WHAT THIS TASK INVOLVES: In the records below, find the line with "The Minx actor", then copy each line exactly until you have copied the line with "Подбираем исключительно натуральные". Leave any picture out.
>>
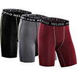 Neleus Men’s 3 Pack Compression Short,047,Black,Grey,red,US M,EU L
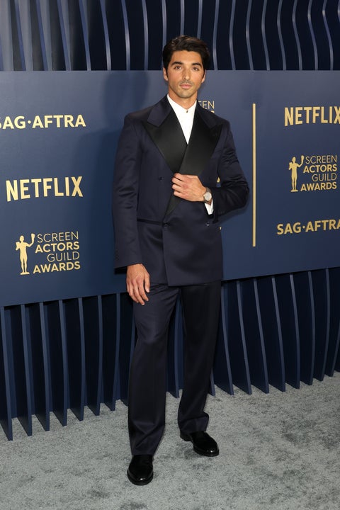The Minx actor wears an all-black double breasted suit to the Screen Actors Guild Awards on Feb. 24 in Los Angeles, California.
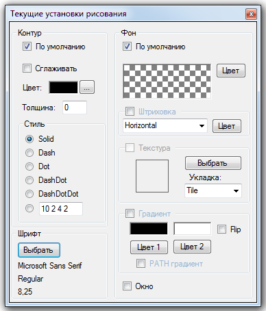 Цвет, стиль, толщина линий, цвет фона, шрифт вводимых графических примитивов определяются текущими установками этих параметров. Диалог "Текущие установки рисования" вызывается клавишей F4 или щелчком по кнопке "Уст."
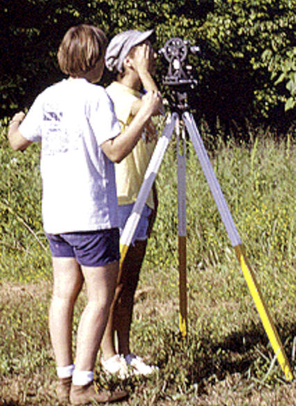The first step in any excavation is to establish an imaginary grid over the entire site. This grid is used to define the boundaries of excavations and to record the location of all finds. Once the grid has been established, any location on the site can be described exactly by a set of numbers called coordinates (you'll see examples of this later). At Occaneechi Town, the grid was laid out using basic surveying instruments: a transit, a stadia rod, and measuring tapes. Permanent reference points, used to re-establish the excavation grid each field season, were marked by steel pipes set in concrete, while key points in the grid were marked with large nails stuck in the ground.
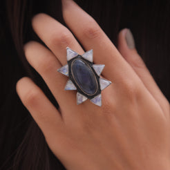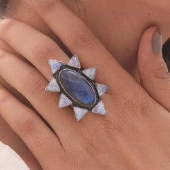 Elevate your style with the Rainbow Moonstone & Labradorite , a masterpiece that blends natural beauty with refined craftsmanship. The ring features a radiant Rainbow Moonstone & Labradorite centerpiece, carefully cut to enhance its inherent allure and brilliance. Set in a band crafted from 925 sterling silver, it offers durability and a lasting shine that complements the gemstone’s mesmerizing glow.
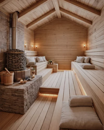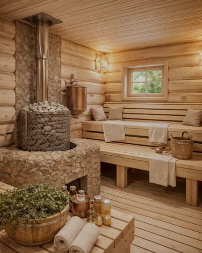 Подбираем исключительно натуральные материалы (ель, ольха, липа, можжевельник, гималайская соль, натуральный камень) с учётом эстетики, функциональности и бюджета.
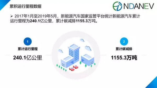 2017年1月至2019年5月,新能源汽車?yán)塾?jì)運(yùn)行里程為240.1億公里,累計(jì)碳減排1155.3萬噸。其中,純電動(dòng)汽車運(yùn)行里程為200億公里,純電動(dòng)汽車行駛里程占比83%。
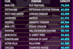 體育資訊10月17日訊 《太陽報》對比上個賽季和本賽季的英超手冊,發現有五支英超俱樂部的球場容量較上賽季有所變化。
<<
COMPLETED EXERCISE:
The Minx actor wears an all-black double breasted suit to the Screen Actors Guild Awards on Feb. 24 in Los Angeles, California.
 Цвет, стиль, толщина линий, цвет фона, шрифт вводимых графических примитивов определяются текущими установками этих параметров. Диалог "Текущие установки рисования" вызывается клавишей F4 или щелчком по кнопке "Уст."
The first step in any excavation is to establish an imaginary grid over the entire site. This grid is used to define the boundaries of excavations and to record the location of all finds. Once the grid has been established, any location on the site can be described exactly by a set of numbers called coordinates (you'll see examples of this later). At Occaneechi Town, the grid was laid out using basic surveying instruments: a transit, a stadia rod, and measuring tapes. Permanent reference points, used to re-establish the excavation grid each field season, were marked by steel pipes set in concrete, while key points in the grid were marked with large nails stuck in the ground.
 Elevate your style with the Rainbow Moonstone & Labradorite , a masterpiece that blends natural beauty with refined craftsmanship. The ring features a radiant Rainbow Moonstone & Labradorite centerpiece, carefully cut to enhance its inherent allure and brilliance. Set in a band crafted from 925 sterling silver, it offers durability and a lasting shine that complements the gemstone’s mesmerizing glow.
 Подбираем исключительно натуральные материалы (ель, ольха, липа, можжевельник, гималайская соль, натуральный камень) с учётом эстетики, функциональности и бюджета.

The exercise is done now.